提言能力も増強されており、今年になってから、PIS(社会統合計画)/COFINS(社会保険融資負担)の問題やグアルーリョス空港における入管手続きの改善要望等7件も行っている。 本年3月には会員対象に会議所活動に対する要望事項を聞くためにアンケート調査を行った。その結果を可能な限り活動に反映し、新しい試みを手がけている。財政基盤の整備のための新規会員勧誘作戦や提案箱の設置、会員家族そろってのピクニック等も実施に移している。

主要外国商工会議所の「企業の社会的責任プログラム」に対する取り組み

ブラジルは、ダイナミックな国である。と同時に多くの問題を抱えた国である。貧困、失業、教育、衛生、犯罪、治安、環境等々である。ルーラ政権も、“FOME ZERO” (飢餓撲滅)キャンペーンを大々的に展開している。2994年2月中旬には、サンパウロで飢餓撲滅展という珍しい展示会がルーラ大統領出席のもとに開催された。内外企業、政府系企業がいかに社会的責任を果たしているかを紹介するための展示会である。この一例をみても、政府、企業共に、「企業の社会的責任」を果たし、「良き企業市民」になるために大きな努力を払っていることが理解できる。ブラジルにある外国商工会議所も熱心である。

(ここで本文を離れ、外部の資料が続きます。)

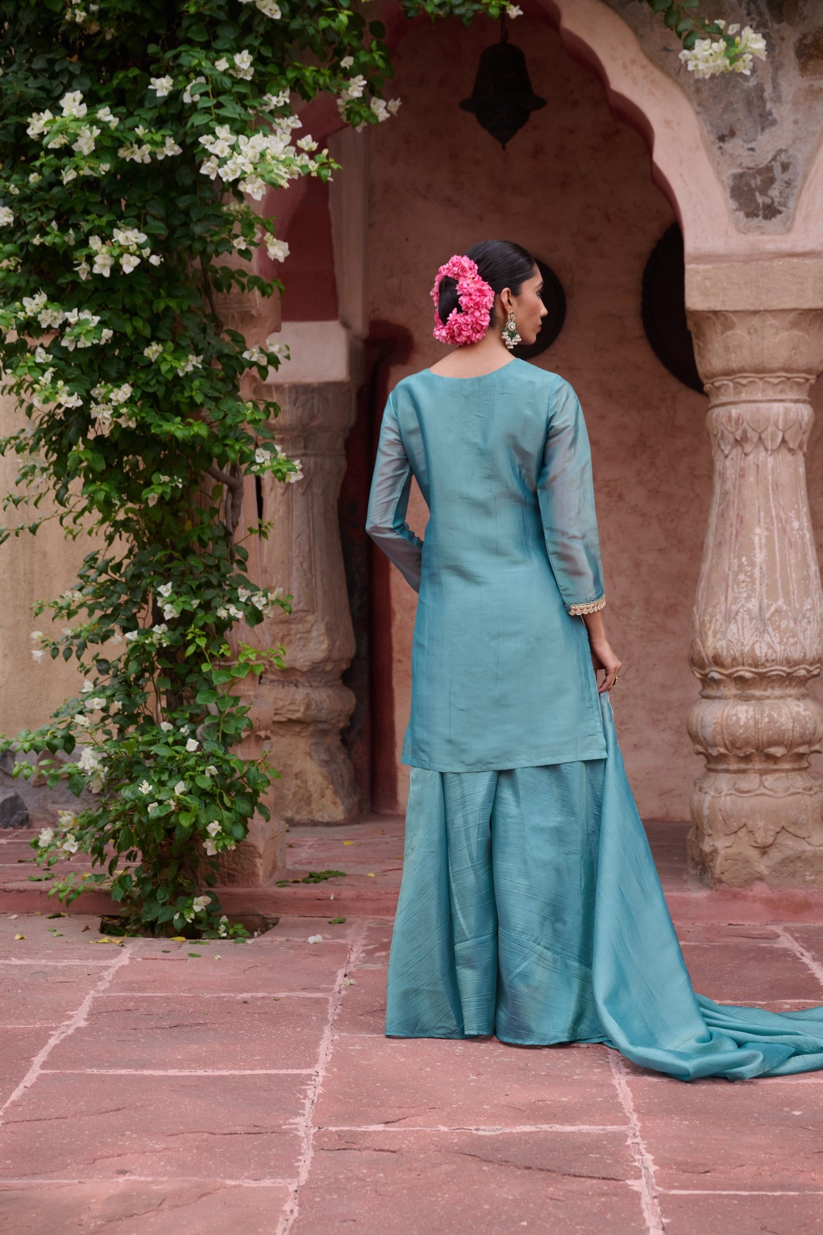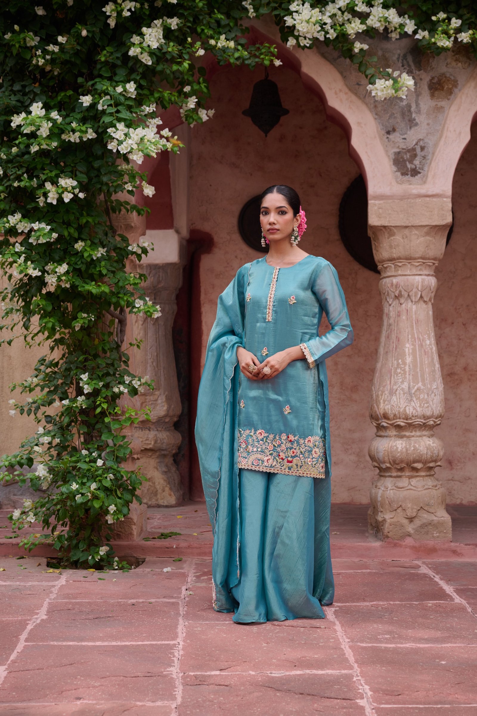 The short kurta design adds a contemporary edge, beautifully complemented by intricate zari and handwork detailing that elevates the outfit’s charm. The divider-style bottom ensures both comfort and flair, making it a standout piece in your wardrobe.
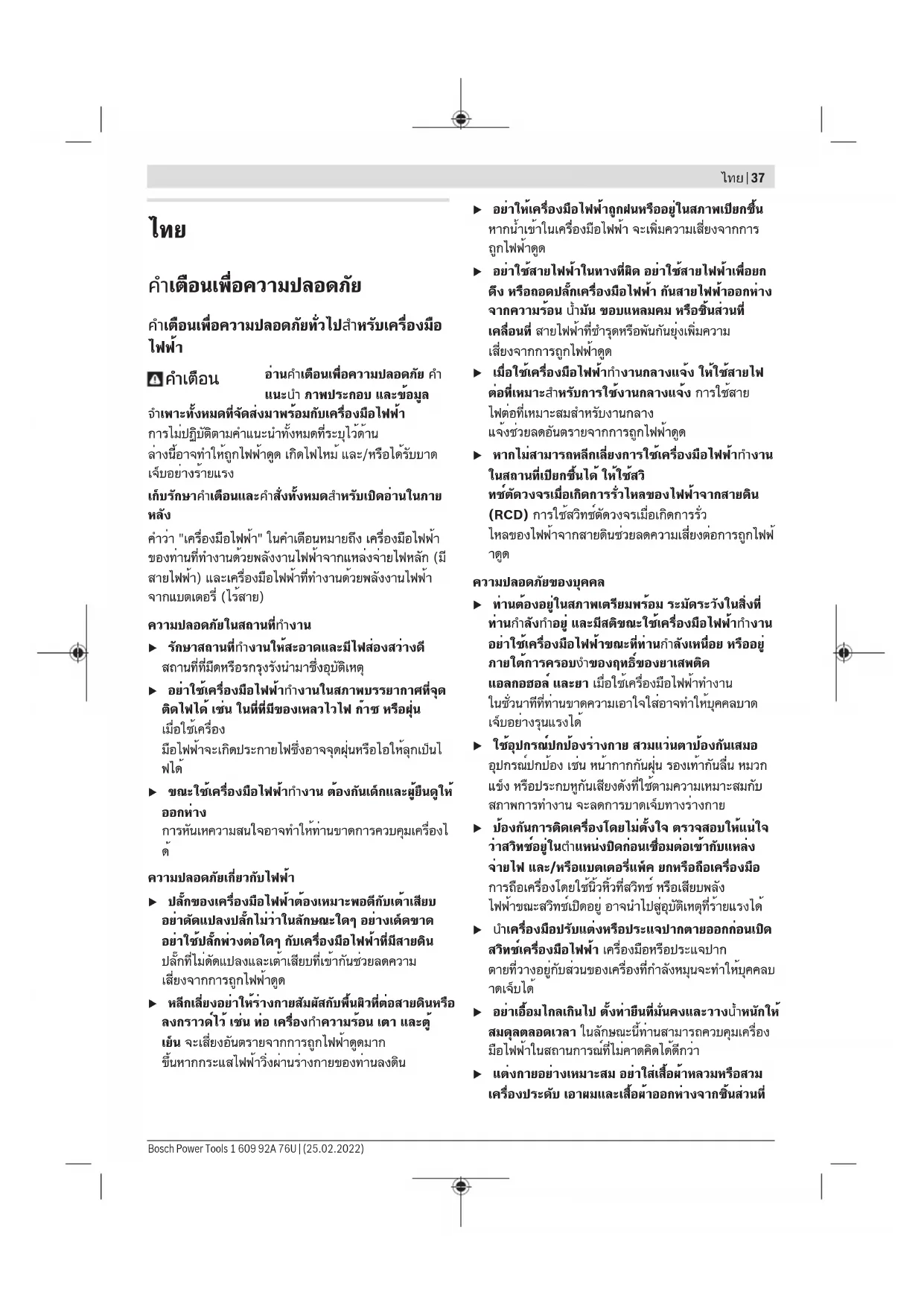 u อย่าเอื้อมไกลเกินไป ตั้งท่ายืนที่มั่นคงและวางน้ำหนักให้ สมดุลตลอดเวลา ในลักษณะนี้ท่านสามารถควบคุมเครื่อง มือไฟฟ้าในสถานการณ์ที่ไม่คาดคิดได้ดีกว่า u แต่งกายอย่างเหมาะสม อย่าใส่เสื้อผ้าหลวมหรือสวม เครื่องประดับ เอาผมและเสื้อผ้าออกห่างจากชิ้นส่วนที่ Bosch Power Tools 1 609 92A 76U | (25.02.2022)38 | ไทย เคลื่อนที่ เสื้อผ้าหลวม เครื่องประดับ และผม ยาวอาจเข้าไปติดในชิ้นส่วนที่เคลื่อนที่ u หากเครื่องมือไฟฟ้ามีข้อเชื่อมต่อกับเครื่องดูดฝุ่นหรือ เครื่องเก็บผง ให้ตรวจสอบให้แน่ใจว่าได้เชื่อมต่อและ ใช้งานอย่างถูกต้อง การใช้อุปกรณ์ดูด ฝุ่นช่วยลดอันตรายที่เกิดจากฝุ่นได้ u เมื่อใช้งานเครื่องบ่อยครั้งจะเกิดความคุ้นเคย อย่าให้ ความคุ้นเคยทำให้ท่านเกิดความชะล่าใจและละเลยกฎ เกณฑ์ด้านความปลอดภัยในการใช้งานเครื่อง การ ทำงานอย่างไม่ระมัดระวังอาจทำให้เกิดการบาด เจ็บอย่างร้ายแรงภายในเสี้ยววินาที การใช้และการดูแลรักษาเครื่องมือไฟฟ้า u อย่างฝืนกำลังเครื่องมือไฟฟ้า ใช้เครื่องมือไฟฟ้าที่ถูก ต้องตรงตามลักษณะงานของท่าน เครื่องมือไฟฟ้าที่ถูก ต้องจะทำงานได้ดี กว่าและปลอดภัยกว่าในระดับสมรรถภาพที่ออกแบบไว้ u อย่าใช้เครื่องมือไฟฟ้าถ้าสวิทช์ไม่สามารถเปิดปิดได้ เครื่องมือไฟฟ้าที่ไม่สามารถควบคุมการเปิดปิดด้วยสวิ ทช์ได้ เป็นเครื่อง มือไฟฟ้าที่ไม่ปลอดภัยและต้องส่งซ่อมแซม u ก่อนปรับแต่งเครื่อง เปลี่ยนอุปกรณ์ประกอบ หรือเก็บ เครื่องเข้าที่ ต้องถอดปลั๊กออกจากแหล่งจ่ายไฟ และ/ หรือถอดแบตเตอรี่แพ็คออกจากเครื่องมือไฟฟ้าหาก

米国商工会議所は、1919年に設立され、会員数約5,600社、すでに1982年にECO賞(EMPRESA‐COMUNIDADE企業-コミュニティ賞)を創設している。この賞の目的は、ブラジルに在住する企業、財団、団体、研究所の中で社会の福祉向上や国の発展に繋がる活動を行っている組織を称え、表彰することにある。教育、文化、環境、健康、コミュニティ参加の5部門に分かれており、1982年から2003年までに応募企業は、1,372社、応募プロジェクトは1,729件、表彰プロジェクトは123件、応募企業の投資金額は28億ドルとなっている。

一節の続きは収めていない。